The corresponding spectral function is $$A(k,\omega) = \sum_n |c_l|^2 \frac{\eta}{\pi} \cdot \frac{1}{(\omega - E_k)^2 + \eta^2)}$$ This means we have Lorenzian with width $\eta$ at the eigenergies of the system, i.e., for small $\eta$ we see that the spectral function has sharp peaks for all values of $\omega$ that correspond to the system's eigenergies. (Note that for $\eta \rightarrow 0$, the Lorenzian becomes a $\delta$-function).

So far, so good. Now we can also write the Green's function using the self energy. If $\varepsilon(k)$ is the dispersion of the non-interacting particle, then the self energy is defined via $$G(k,\omega) = \frac{1}{\omega - \varepsilon(k) - \Sigma(k,\omega) + i\eta}$$

It is mentioned on many occasions that a self-energy with a non-zero imaginary part corresponds to a quasi-particle with a finite lifetime. In the spectral function, an imaginary self energy leads to a broad peak, and the width of that peak is related to the imaginary part of $\Sigma(k,\omega)$.

Question: At first, I have shown that the spectral function has infinitely sharp peaks at precisely the system's eigenergies. But later, I have shown that an imaginary self energy leads to broad peaks. How can I reconcile these two facts?

Related Question: If I find a "continuum" of states in my spectral function, how can I tell if these form a continuum of "true" eigenstates of the system or a bunch of decaying quasiparticles?
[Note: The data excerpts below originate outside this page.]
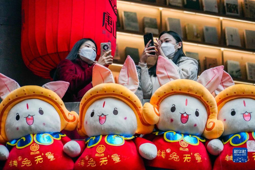 1月22日,游客在河北省唐山市唐山宴美食街生肖兔摆件旁拍照。
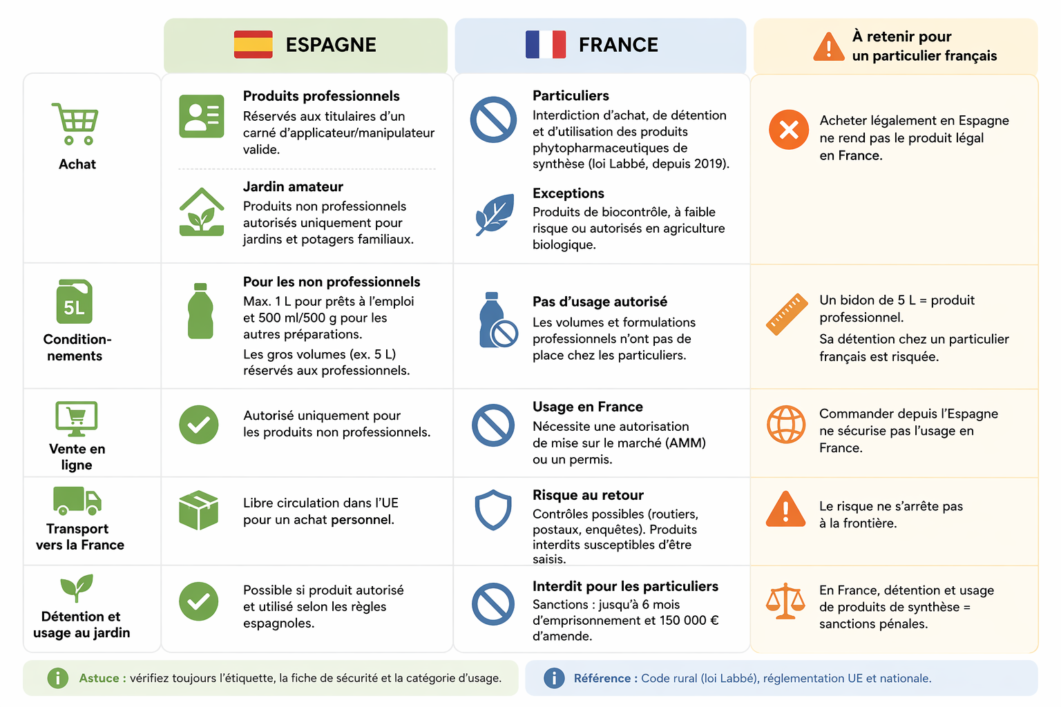 | Détention et usage au jardin | Possible seulement dans le cadre autorisé par le droit espagnol et selon la catégorie du produit. | Interdit aux particuliers pour les produits de synthèse concernés depuis 2019. | Le simple stockage chez soi peut déjà poser problème. |
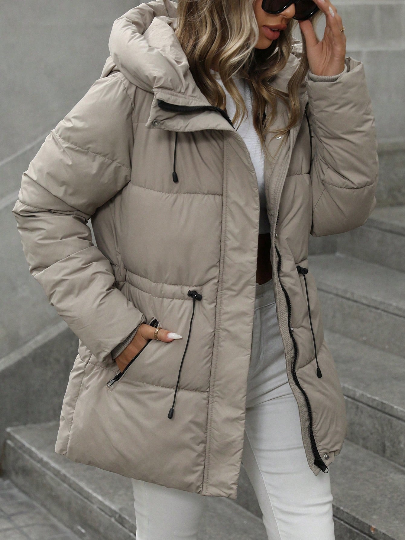 Aveloria Fashionable Casual Adjustable Waist Quilted Mid-Length Hooded Padded Padded Coat Clothes Winter
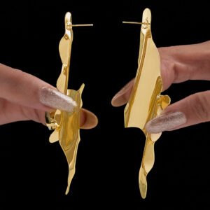 These bold metal Thunderbolt earrings a striking green crystal set in a contemporary design. The large thunderbolt shape creates a daring statement, while the gold-plated finish adds a touch of luxury. The oval-shaped green crystal stone enhances the look with a vibrant pop of color, making these earrings both eye-catching and stylish. The combination of the edgy lightning bolt design and the smooth, polished metal ensures a modern, standout accessory. Perfect for making a big impact, these statement earrings are suited for both casual and formal occasions, secured with a stud back for easy wear.
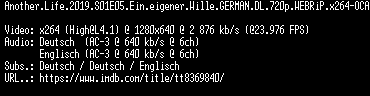 | FiLENAME: | Another.Life.2019.S01E05.Ein.eigener.Wille.GERMAN.DL.720p.WEBRiP.x264-OCA.mkv |

The motivation: In the Holstein model, we have a single electron on a lattice in the tight-binding approximation interacting with Einstein phonons of frequency $\Omega$. In the non-interacting limit, we have the non-interacting electron band $\varepsilon(k) = -2t \cos(ka)$ and then, beginning at an energy $\Omega$ above $-2t$, a continuum of a states corresponding to an electron of momentum $k - q$ and a phonon of momentum $q$. These are "true" eigenstates of the (non-interacting) system. But if I then turn on the interaction of the type $$ \frac{g}{\sqrt{N}} \sum_q c_{k-q}^\dagger c_k (b_q^\dagger + b_{-q})$$ I still have a continuum an energy $\Omega$ above the ground state, but now these are not true eigenstates any more, since the additional phonon can decay via the interaction term. But when they are not true eigenstates any more, then they shouldn't show up in the Lehman representation and hence shouldn't contribute to the spectral function?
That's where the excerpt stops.